- Opening Delimiter -

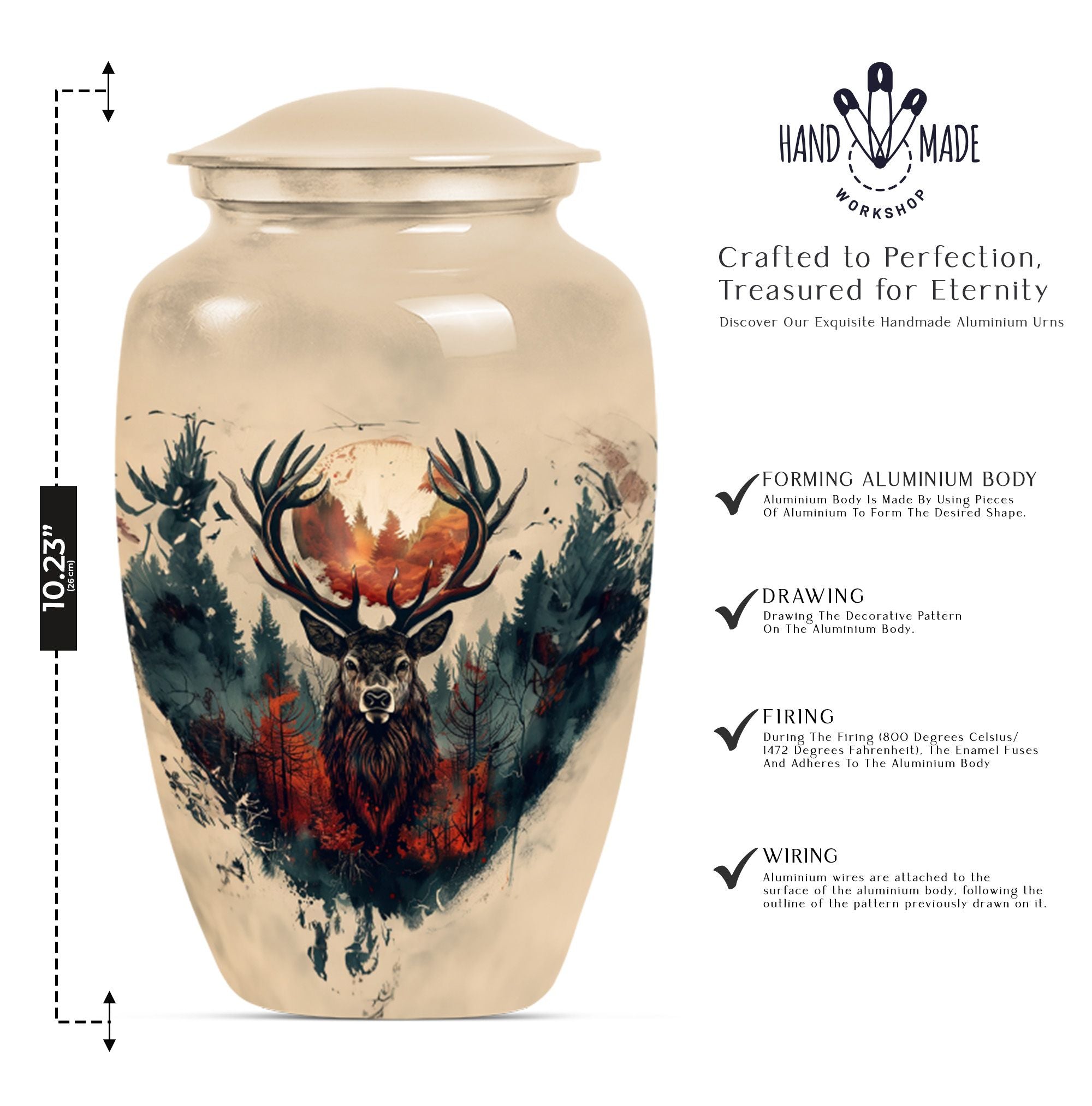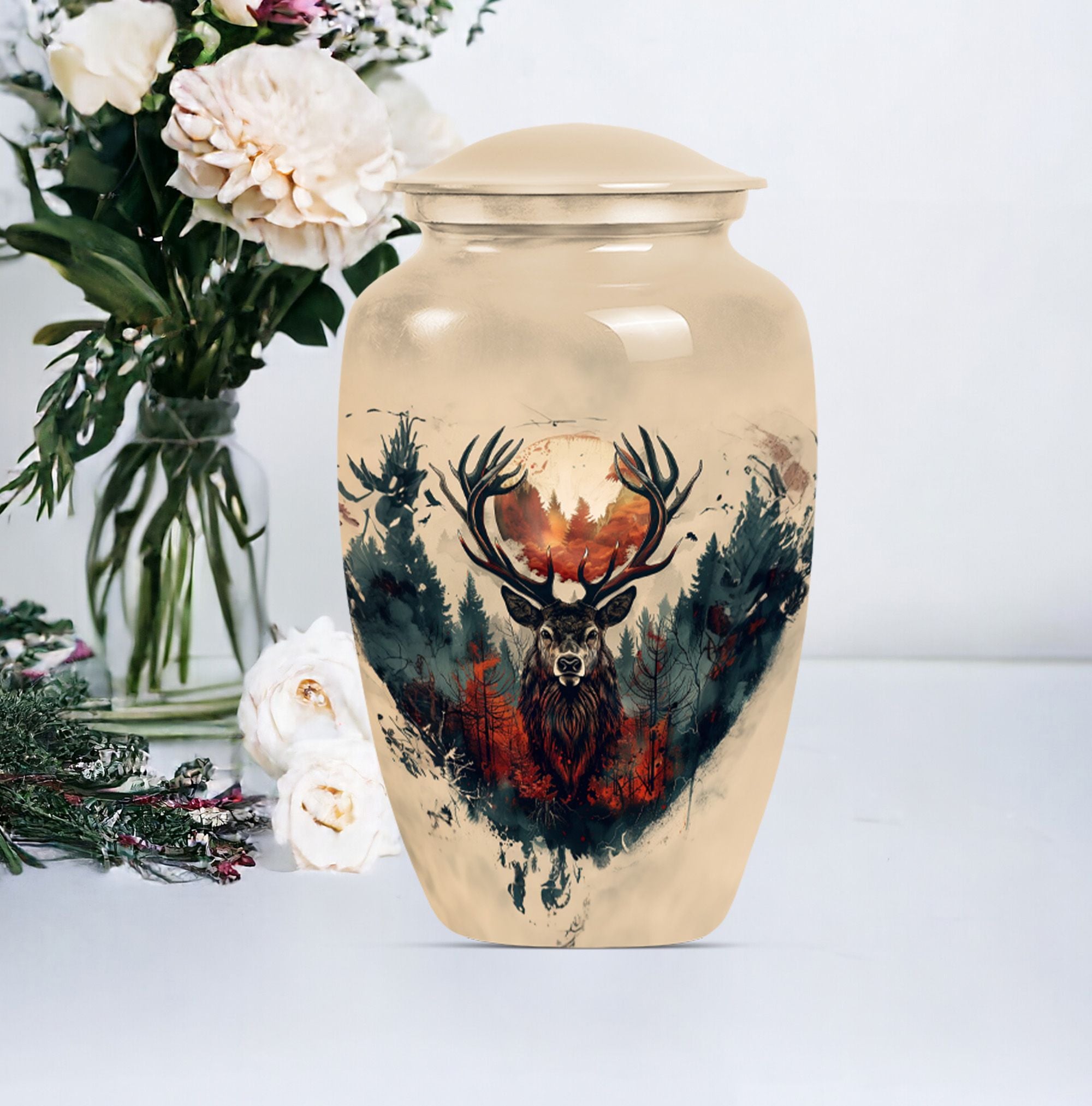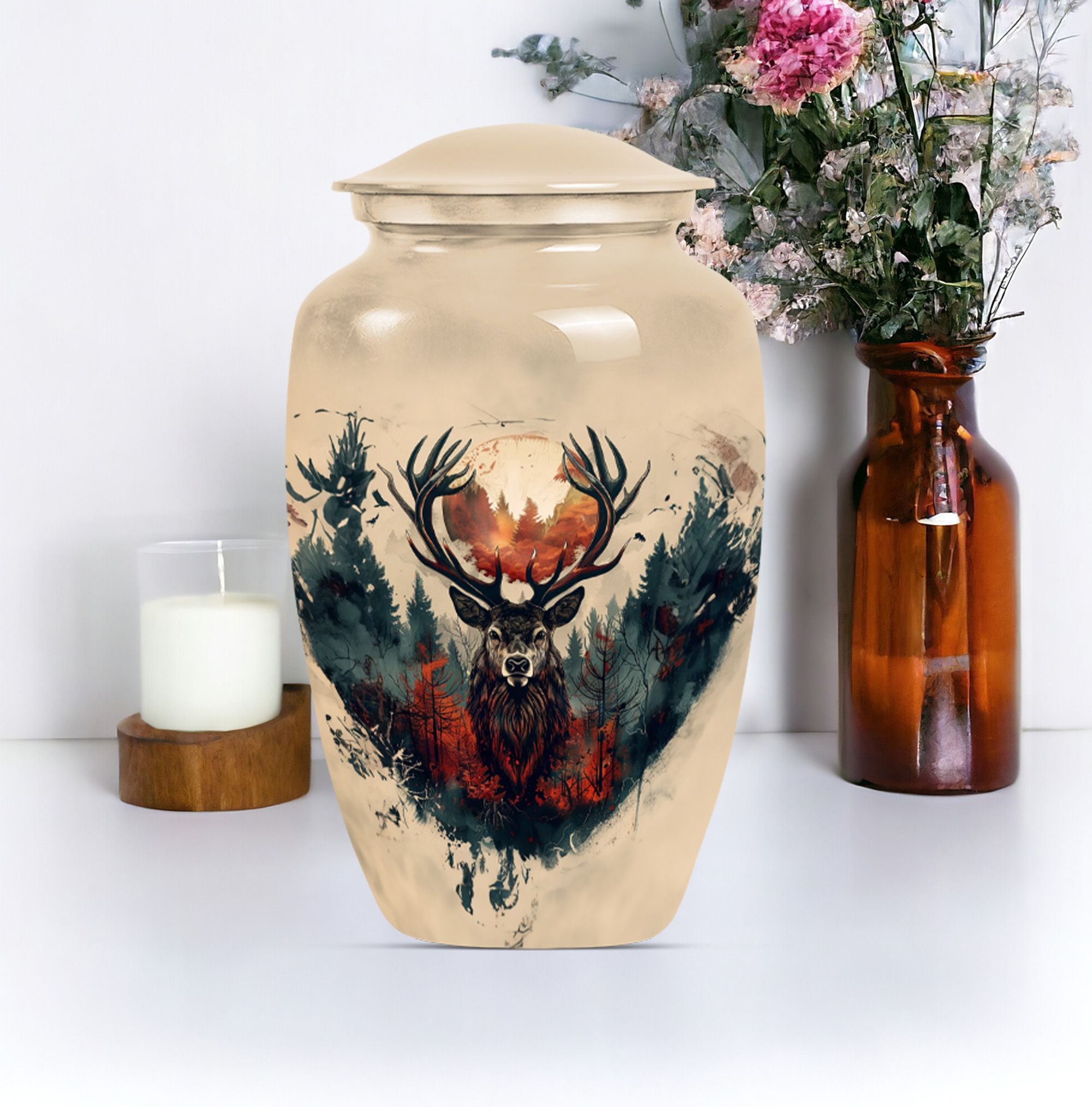Pay your tribute with our exquisite wolf howling-themed, Deer Urn. This large urn model with a striking 10-inch formation, meticulously crafted from high-grade aluminium, is a distinctive selection among funeral urns for burial. It seamlessly blends both durability and aesthetic appeal. Suitable for adults and seniors, the surface of the urn can be adorned with engraved names, personalizing your final goodbye. This urn weighs 3.3 pounds and measures a noble 10 inches in height, capable of holding up to 200 cubic inches of ashes. Packaged with a refined velvet pouch for secure ash containment, it brings an essence of tranquillity during the tough times. Elevate your memorial experience, let our deer urn serve as the final loving resting place. Perfectly aligns with phrases such as 'Cremation urn for dad, urn human adult urns, burial urns for cremation ashes, adult burial cremation urns', the urn is both an epitome of elegance and sincerity.
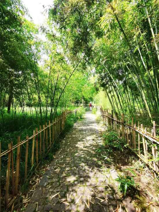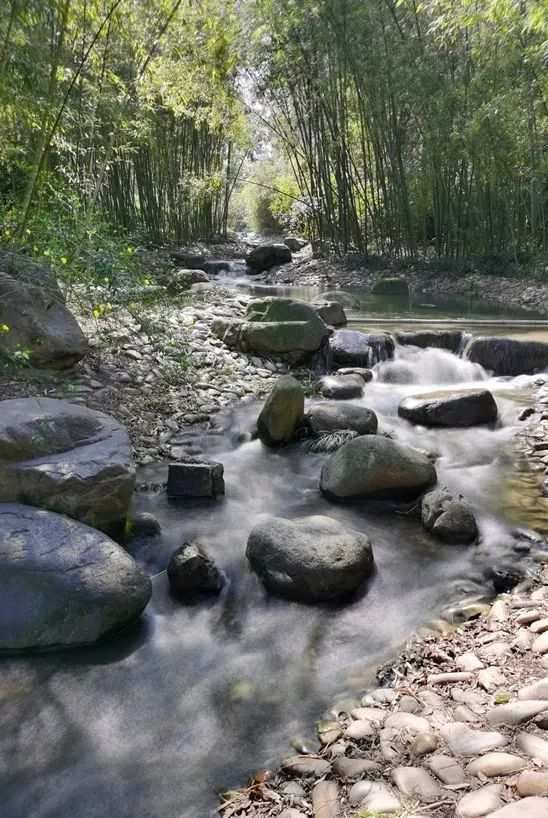 公園里有一片靜謐的竹林,曲徑通幽處,點點綠光,身處其中,讓人不禁身心舒暢。順著竹林一直走又會發現一個天池,通過人造山坡鑿出山澗溪流。
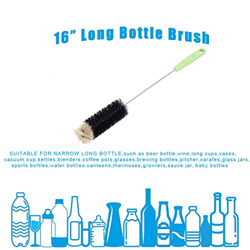 - 16" long bottle brush can easy reach the bottom and clean all inside area,BPA free and non-toxic materials, free from foreign smells, keep safe and healthy
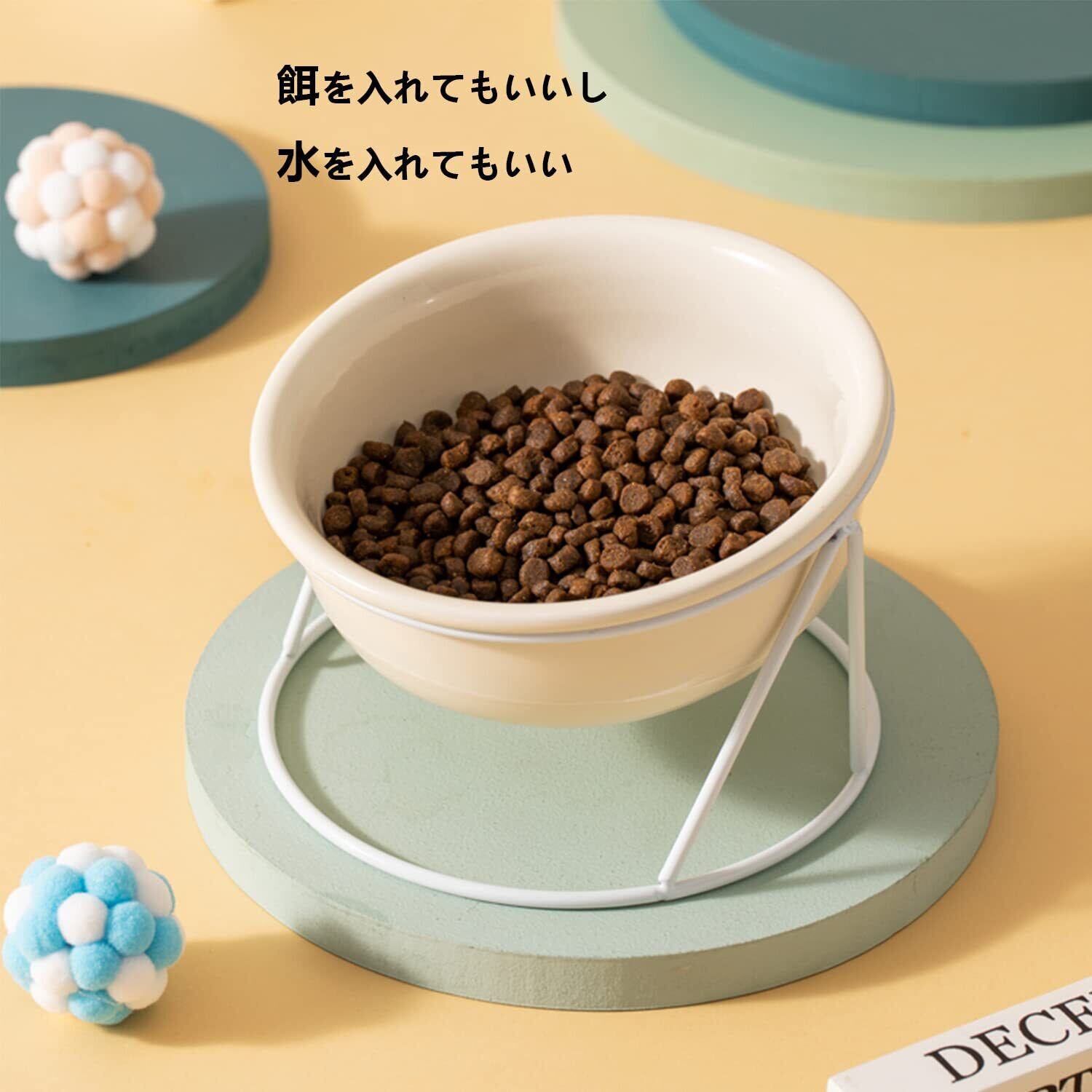 INUGOYA 猫 食器 陶器 15度の傾斜 食べやすい 頸椎を保護する 犬 餌入れ 水入れ ペット食器 猫 犬 取り外し式 ペットウォーターボトル 洗いやすい 猫 えさ 皿 (ベージュ) (ライトグリーン)
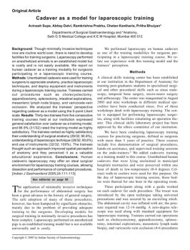 Cadaver model for laparoscopic training 112 Indian Journal of Gastroenterology 2005 Vol 24 May - June Supe, Dalvi, Prabhu, Kantharia, Bhuiyan
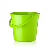 Zielone plastikowe wiadro na potrzeby gospodarstw domowych izolowane na białym tle. Produkty gospodarstwa domowego.
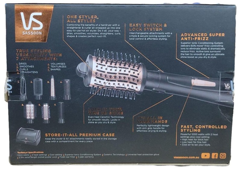 This VS SASSOON VSHA2136A Air Style Brilliance hair styler is a versatile and high-performing tool for all your styling needs.
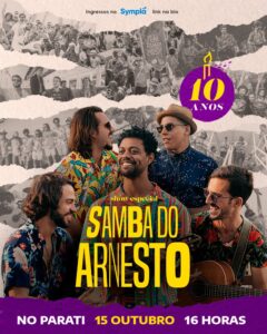 Ingressos Disponíveis em: https://www.sympla.com.br/evento/10-anos-da-samba-do-arnesto/1724980

- Closing Delimiter -

→ **WHAT IS BEING ASKED**
Retype, word for word, the line containing "This VS SASSOON" and each line after it through the end of the data, leaving any picture out.

→ **RESULT**
 This VS SASSOON VSHA2136A Air Style Brilliance hair styler is a versatile and high-performing tool for all your styling needs.
 Ingressos Disponíveis em: https://www.sympla.com.br/evento/10-anos-da-samba-do-arnesto/1724980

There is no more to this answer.